The long-term data from five randomised trials published between 2005 and 2010 confirmed the advantage of high dose radiation therapy for patients with localised adenocarcinoma of the prostate (Fig. 1).¹

Dearnaley et al. (2005) published the results of a Royal Marsden NHS Trust and Institute of Cancer Research (RMH) phase III dose escalation pilot study. The total of 126 men with localised (T1–T3b) prostate cancer were randomised after an initial 3–6 month period of androgen suppression to deliver a dose of 64 Gy with or without a 10 Gy boost (64 and 74 Gy arms) between 1995 and 1997. The results showed that freedom from PSA failure was higher in the 74 Gy arm compared to the 64 Gy arm, but this did not reach conventional levels of statistical significance with 5-year actuarial control rates of 71 % in the 74 Gy arm vs. 59 % in the 64 Gy arm (p = 0.10). There was no difference in the time to restarting hormone therapy between the randomised groups (5-year actuarial rate 15–16 % in each group).
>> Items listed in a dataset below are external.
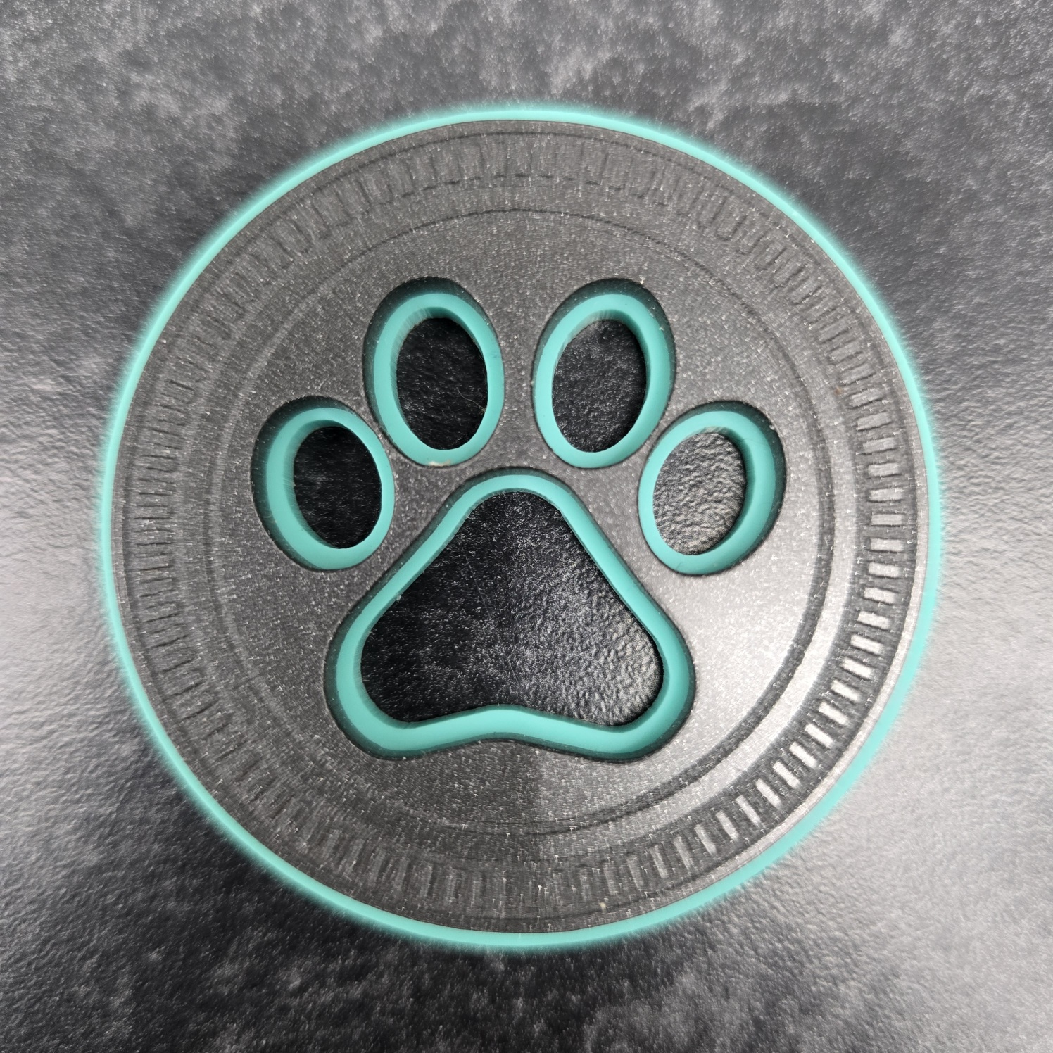 These are two color, engraved, Dog Rated badges. They are made from 2 layers of 1/8″ acrylic, stacked, and will fit in the stock Trail Rated indented location.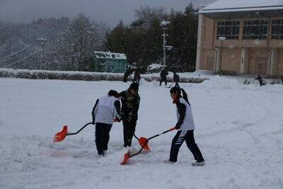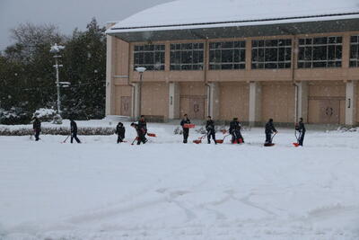 すると、朝練に来ていた生徒を中心に多くの生徒たちが、雪の中、外に出てきて雪かきをしてくれました。
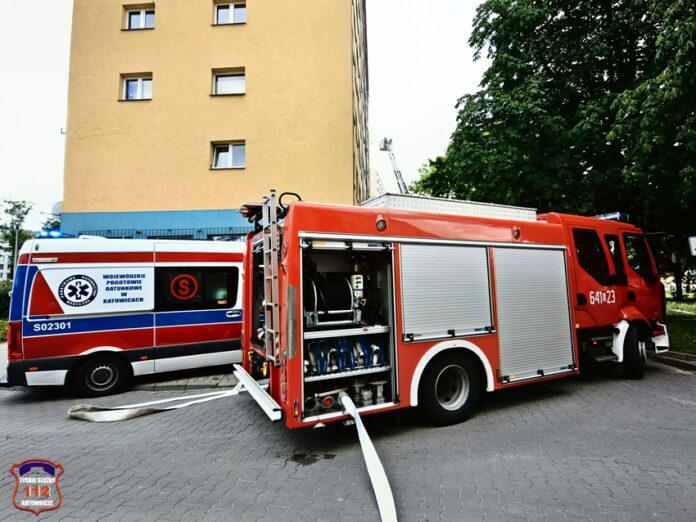 11 czerwca około godziny 12:20 dyżurny SK KM PSP Tychy otrzymał zgłoszenie o pożarze mieszkania na siódmym piętrze w budynku wielorodzinnym przy ul. Dębowej 8c. Na miejsce zgłoszenia natychmiast zadysponowany został pluton gaśniczy JRG Tychy oraz ZRM i patrol Policji. Ze zgłoszenia wynikało, że w płonącym mieszkaniu mają znajdować się dwie osoby. Po przybyciu na miejsce i po przystąpieniu do rozpoznania i działań ratowniczo – gaśniczych doszło do tragedii. Mężczyzna (35 lat) opuścił mieszkanie przez okno i po rynnie udało mu się dostać do mieszkania poniżej gdzie trafił pod opiekę strażaków i przybyłych na miejsce ratowników medycznych. Niestety lokatorka (ok. 60 lat) nie dała rady się utrzymać i spadła ponosząc śmierć na miejscu. Strażacy podali dwa prądy wody na palące się wyposażenie mieszkania. Jeden z kosza drabiny mechanicznej, a drugi po rozwinięciu linii gaśniczej po klatce schodowej. Mężczyzna z licznymi oparzeniami kończyn został przetransportowany do Centrum leczenia Oparzeń w Siemianowicach Śląskich. Na miejsce zdarzenia przybyły grupy operacyjne KM PSP Tychy oraz KW PSP Katowice. Po zakończeniu działań ratowniczo – gaśniczych czynności na miejscu podjęła grupa dochodzeniowo – śledcza wraz z technikiem kryminalistyki KMP Tychy pod nadzorem prokuratury. Trwa wyjaśnianie przyczyn i okoliczności powstania tego tragicznego w skutkach pożaru.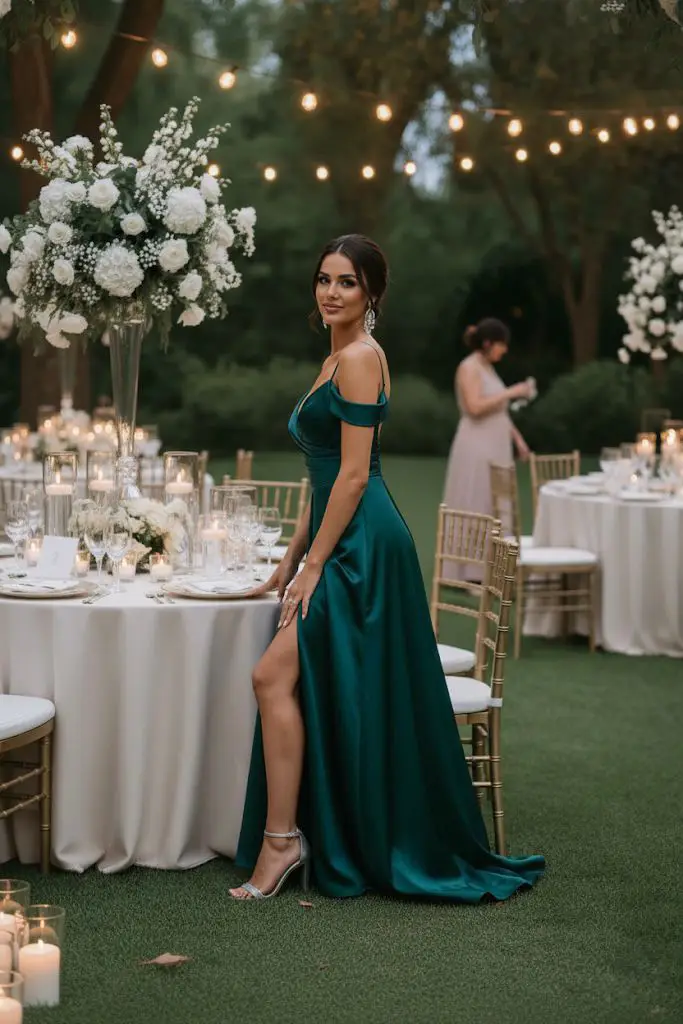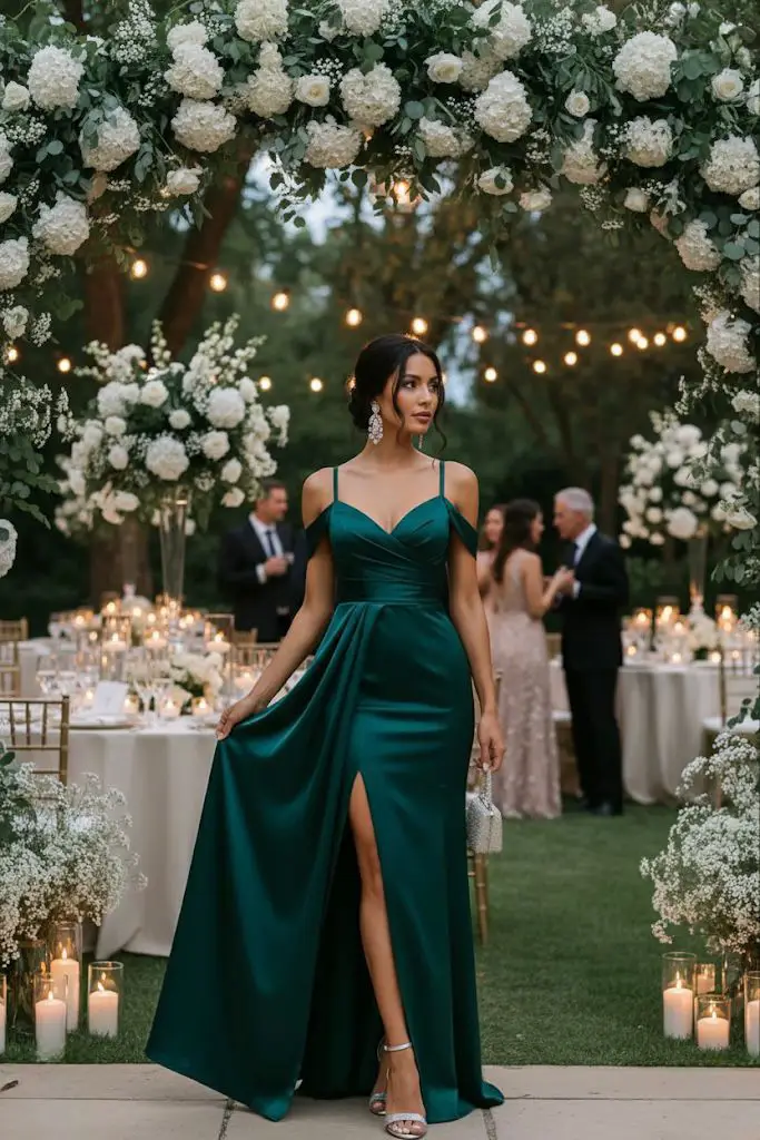 Εντυπωσιάστε με αυτό το μοναδικό γυναικείο πράσινο μάξι φόρεμα, ιδανικό για κάθε επίσημη περίσταση – από γάμους και βαφτίσεις, μέχρι βραδινές εξόδους. Το σχέδιο με τιράντες που πέφτουν διακριτικά στους ώμους χαρίζει ρομαντισμό, ενώ το βαθύ ντεκολτέ και το σκίσιμο στο πλάι προσθέτουν θηλυκή αυτοπεποίθηση. Η πλούσια ουρά στο πλάι ολοκληρώνει την εμφάνιση με έναν αέρα πολυτέλειας υψηλής ραπτικής.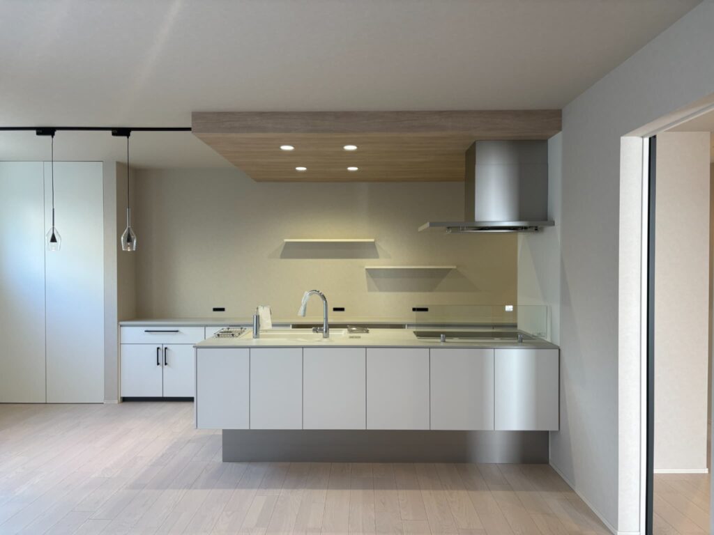 キッチン天井は、床材に近い淡いグレーの木目クロスに。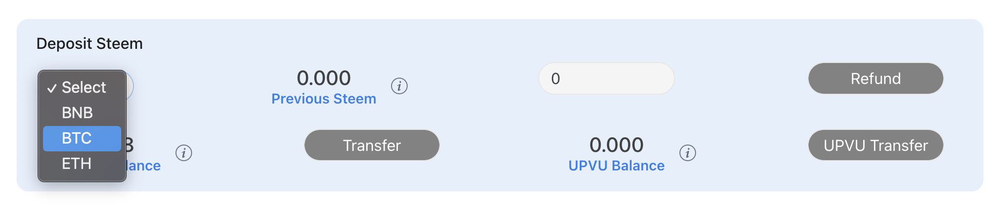 ➍ (STEEM을 예치하여 BTC를 적립하고자 하는 경우) Deposit Steem 하단의 [Select] 탭을 클릭 후 BTC를 선택하고, [Transfer] 버튼을 클릭하여 STEEM을 전송합니다.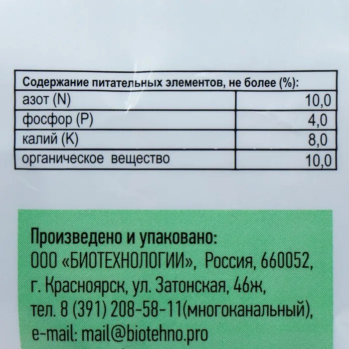 Состав: смешанное удобрение (тукосмесь) NPK 10:4:8.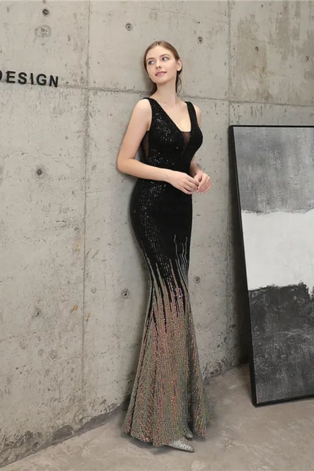 New Year Gala Dress Glittering Evening Gown Formal Dresses Black & Gold Sequin Dress Evening Dress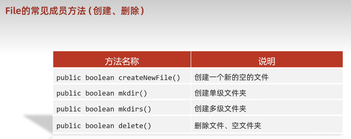如果父级路径不存在, 会抛异常; 有返回值表示创建成功或失败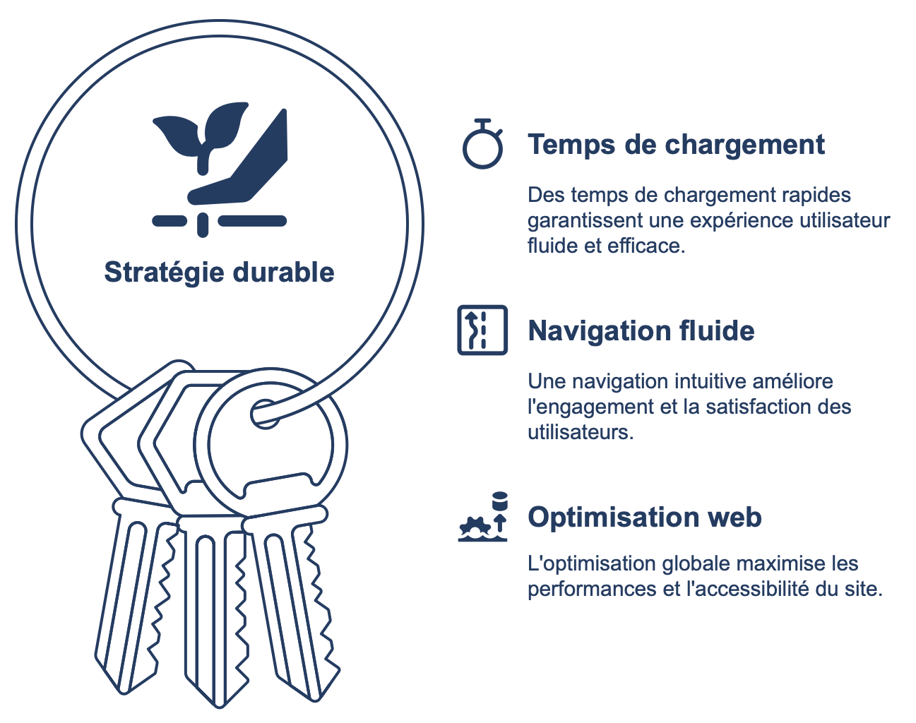 ⚙️ N'oublions pas l'aspect technique : une structure web optimisée (temps de chargement, navigation fluide) sert de fondations à toute stratégie durable.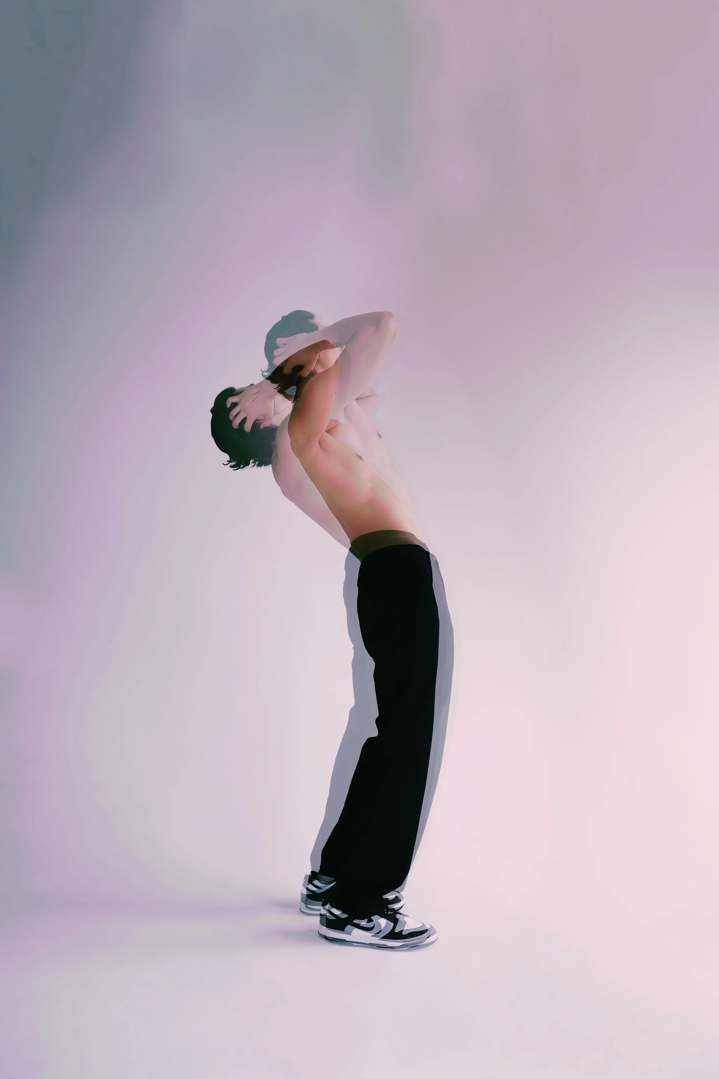 Inspired by the unseeable touch of space, and the wonders of creation within a bond, space witho(U)t, examines the manifestation of the physical, emotional and spiritual connection between individuals within the exterior realm whilst simultaneously investigating the duality of the lone journey. A development of abstract ideas correlated to the internal and external scopes of human existence driven by the concept of time, body and space–is the central theme that reflects this duet.

The following randomised Medical Research Council (MRC) RT01 trial with 843 men with localised prostate cancer (T1–T3a, PSA < 50 nag/mL), which were randomly assigned to escalated dose (74 Gy; n = 422) or standard-dose (64 Gy; n = 421) conformal radiotherapy was published by Dearnaley et al. (2007). After a median follow-up of 63 months, 5 year biochemical progression-free survival (bPFS) was a 71 % in the escalated and a 60 % in the standard group (p = 0.0007). In the subgroup analysis, no heterogeneity of effect on bPFS according to risk groups was found. Neither of these analyses showed that escalated dose treatment is more or less beneficial in either of these risk groups. The bPFS at 5 years for the standard and escalated groups were 79 and 85 % in the low-risk group, 70 and 79 % in the intermediate-risk group and 43 and 57 % in the high-risk group, respectively. No significant benefits were detected for clinical progression-free survival (p = 0.064), local control (p = 0.16), freedom from salvage androgen suppression (p = 0.12), and metastases-free survival (p = 0.21).

Al-Mamgani et al. (2008) presented the analysis of the Dutch dose escalation trial of radiotherapy for prostate cancer. A total of 669 patients with localised prostate cancer (T1–T4, PSA < 60 ng/mL) were randomly assigned 1997–2003 to receive either 68 or 78 Gy. After a median follow-up of 70 months, freedom from biochemical or clinical failure (FFF) using the ASTRO definition was significantly better in the 78-Gy arm than in the 68-Gy arm (7-year FFF rate, 54 % vs. 47 %, respectively; p = 0.04). The FFF using the Phoenix definition was also significantly better in the 78-Gy arm than in the 68-Gy arm (7-year FFF rate, 56 % vs. 45 %, respectively; p = 0.03). However, no difference was found between the high- and low-dose arms in freedom from clinical failure (70 % vs. 68 % at 7 years, respectively, p = 0.68).